HSBC's board has "moved on" from exploring selling its Asian business in a move that would have kowtowed to its largest shareholder, the bank's chief executive said yesterday.

Speaking at the Financial Times's banking summit, Noel Quinn yesterday doubled down on his conviction that HSBC should continue to operate as a global bank.

Investors "want an international bank," Quinn, 61, who worked his way up HSBC's hierarchy after joining Midland Bank, which the high street lender acquired in 1992, to take the top spot, said.

Ping An, a Chinese insurer and HSBC's largest shareholder, has for over a year been lobbying the lender to carve out its Asian business to stop it from continuously being dragged down by underperforming arms elsewhere.

Pretty much all of HSBC's profits are generated by its Hong Kong and Chinese activities.
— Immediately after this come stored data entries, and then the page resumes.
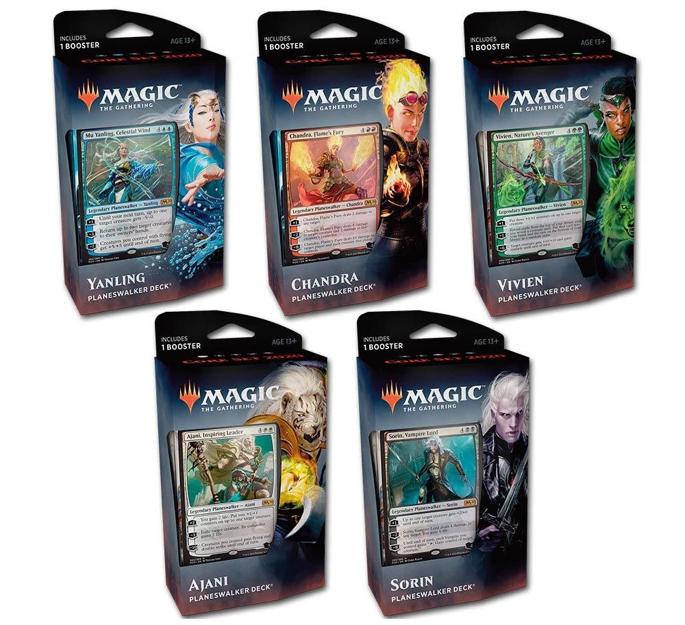 5er Set mit allen erhältlichen Planeswalker-Decks zur Magic Edition Core Set 2020 in Englisch: Yanling, Chandra, Vivien, Ajani und Sorin.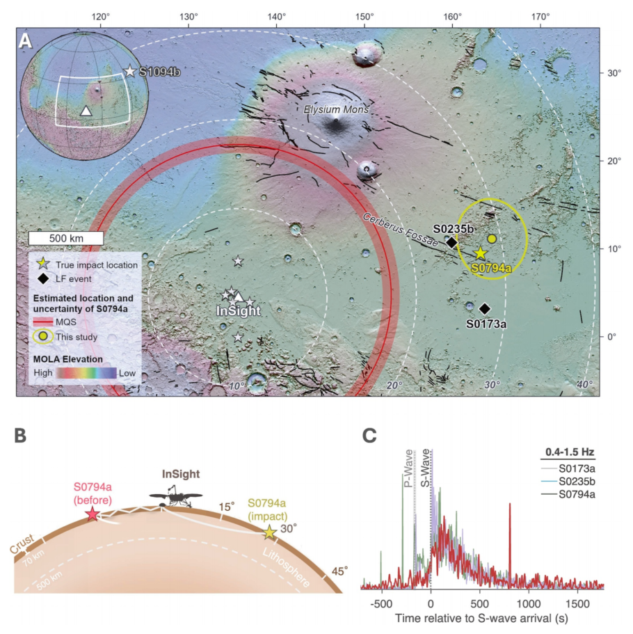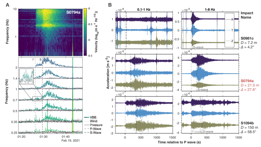 附近确认的撞击事件因其能量带宽延伸至35Hz(Ceylan等人,2022),均被归类为高频(HF)家族中的甚高频(VF)事件;这为将VF事件视为撞击提供了初步依据(Zenhäusern等人,2024)。S0794a信号与新撞击坑的关联首次直接证明:至少有一种不伴随声学"啁啾"特征的VF型事件属于撞击,支持了"多数(或全部)VF事件具有相同起源"的假说(Zenhäusern等人,2024)。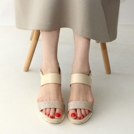 キラキラのグリッターが足元を華やかに彩るFin(フィン)のグリッター厚底ベルクロスポーツサンダルが登場しました。今季も大注目の厚底スニーカーソールは5.4cmと程よい高さなので楽なのにスタイルアップも叶うのが嬉しい。細やかなグリッターがカジュアルなデザインの中に女性らしさも演出してくれるので大人の女性もコーデに取り入れやすい一足に仕上げました。
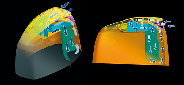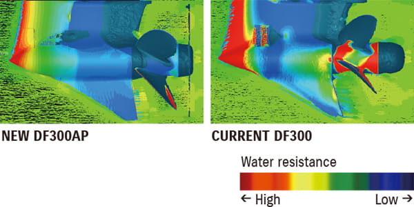 The case itself is actually larger than the previous model to provide increased gear durability, however it is designed with a smoother, more hydrodynamic shape that allows it to move through the water with less drag and greater efficiency. Areas with the highest drag are indicated in red in the illustrations below. The comparison shows that the new design allows the lower unit to slice through the water with less drag.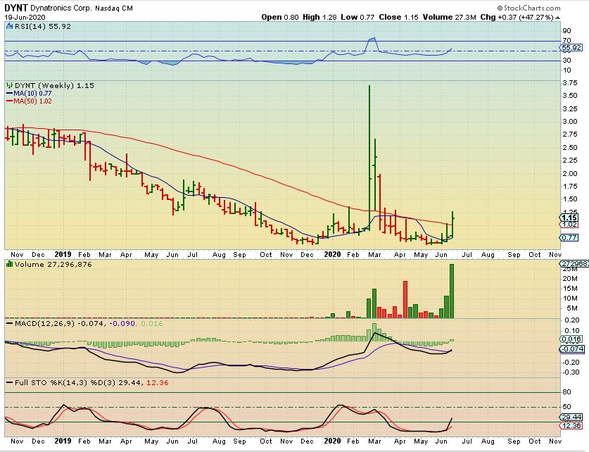 DYNT WEEKLY – Popped 47% this week. DYNT provides medical supplies and devices ( disinfectants too).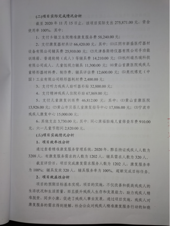 (一)项目概况。根据《关于印发2020年<黄山市贫困残疾人康复实施办法>的通知》(黄残联〔2020〕12号)、《黄山市人民政府关于建立残疾儿童康复救助的实施意见》(黄政〔2018〕54号)文件,实施贫困残疾人康复民生工程(贫困精神残疾人药费补助、贫困残疾儿童抢救性康复),贫困残疾人康复目标任务是为147名贫困精神残疾人提供药费补助;为10名听障、脑瘫、智障、孤独症儿童提供康复训练;为2名肢体残疾儿童装配假肢矫形器,为1名肢体残疾儿童适配辅具。项目资金投入万元,资金到位率、支付率100%。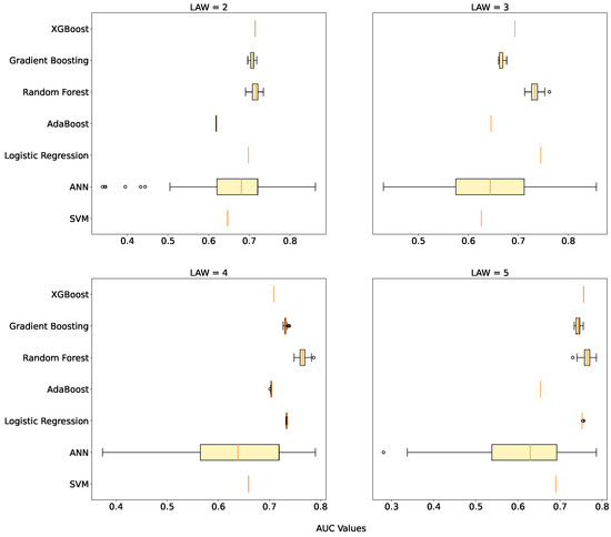 The box plot shows the locality, spread, and skewness groups of AUC values through their quartiles achieved for each model in 100 different runs with a different balance training set. The reported AUC values (horizontal axis) are related to the case of WL = 1 where all models use only variables from the last year. The lines (whiskers) extending from the boxes indicate the variability outside the upper and lower quartiles. The orange line represents the median between the first quartile and the third quartile. The circular points (fliers) are those located past the end of the whiskers.

Its UK arm actually is loss-making, according to the bank's latest set of results.

Quinn said the board had given splitting up the bank "serious consideration" but concluded there was "not an economic case" for signing off a demerger.

During the Covid-19 crisis, UK regulators stopped banks distributing dividends.

That ban stemmed a flow of cash to Asian retail investors, sparking calls from the East for HSBC to sell the Asia arm.

Quinn said he does not believe Chinese politicians are secretly orchestrating Ping An's breakup campaign.